Low-skilled, less-educated, and minority workers are overrepresented in the workforce receiving temporary help service. There is debate among researchers and policymakers about whether providing employment through temporary help service firms provides a path to stable employment or reduces workers' access to better employment opportunities.
To examine how temporary work through the temporary help industry impacts workers in the long run, Peter Mueser co-authored a study which compared the experiences of these workers to those of workers without jobs or who took jobs in other industries. This study focused on individuals in Missouri seeking employment or cash assistance from Temporary Assistance for Needy Families (TANF), a job training program or intensive work search program, and employment exchange services. The researchers conducted analyses in the late 1990s, a time of strong economic growth, and again just after 2000, a time of stagnation.

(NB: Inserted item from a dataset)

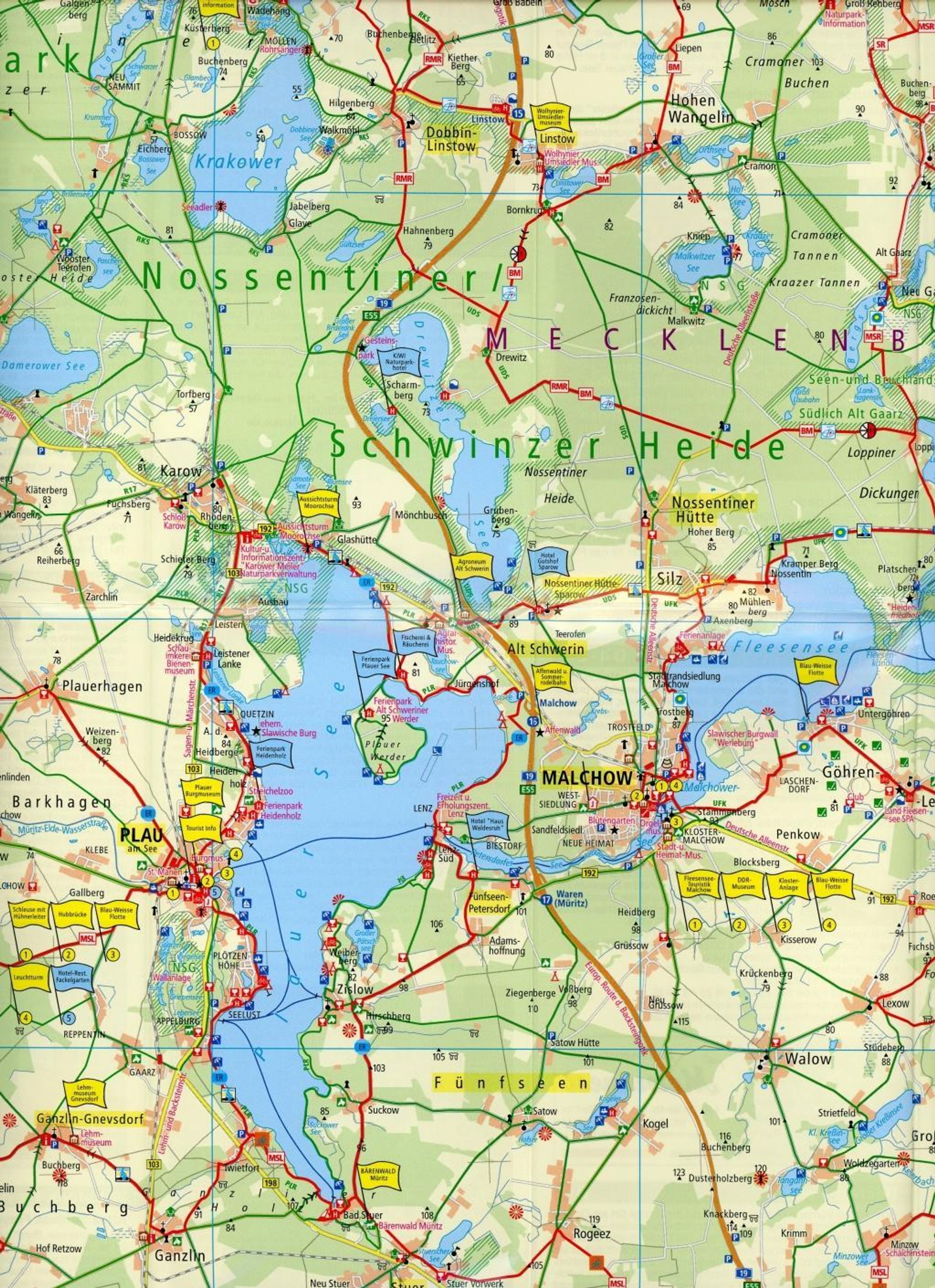 Zahlreiche Radwege führen durch das landschaftlich reizvolle und für Radler ideale, flache Gebiet der Müritzer Seenplatte. Die Radwege bieten entlang der Ufer Blicke auf die Seen oder führen durch die Landschaft, die oftmals als Naturpark ausgewiesen ist. Einladungen zu Pausen und Zwischenstopps bieten nicht nur die Badestellen, sondern auch interessante Orte wie Fürstenberg / Havel, die Inselstadt Malchow, Plau oder die Orte der Kleinseenplatte. Mitmachen, Ausprobieren, Staunen kann man im Müritzeum, sich gruseln im Museum für Magie und Hexenverfolgung und einfach nur abschalten in der herrlichen Umgebung.

The results of this study suggest that temporary help service firms enable individuals seeking employment assistance find jobs more quickly, and that these temporary means of employment offer substantial benefits for workers. These results are particularly evident in the experiences of workers who do not have alternative employment opportunities. However, workers who do not leave temporary help jobs experience poorer earnings prospects than their peers who move on. Transitioning to a job in another sector is key for workers using temporary help services firms, though participants benefit substantially from working with these firms if their alternative is no employment.
These results are important for policymakers considering the impact of temporary help services firms. While these firms are shown to help workers, policymakers must track how well these firms place workers into permanent jobs to get an accurate indication of the effectiveness of these firms' programs.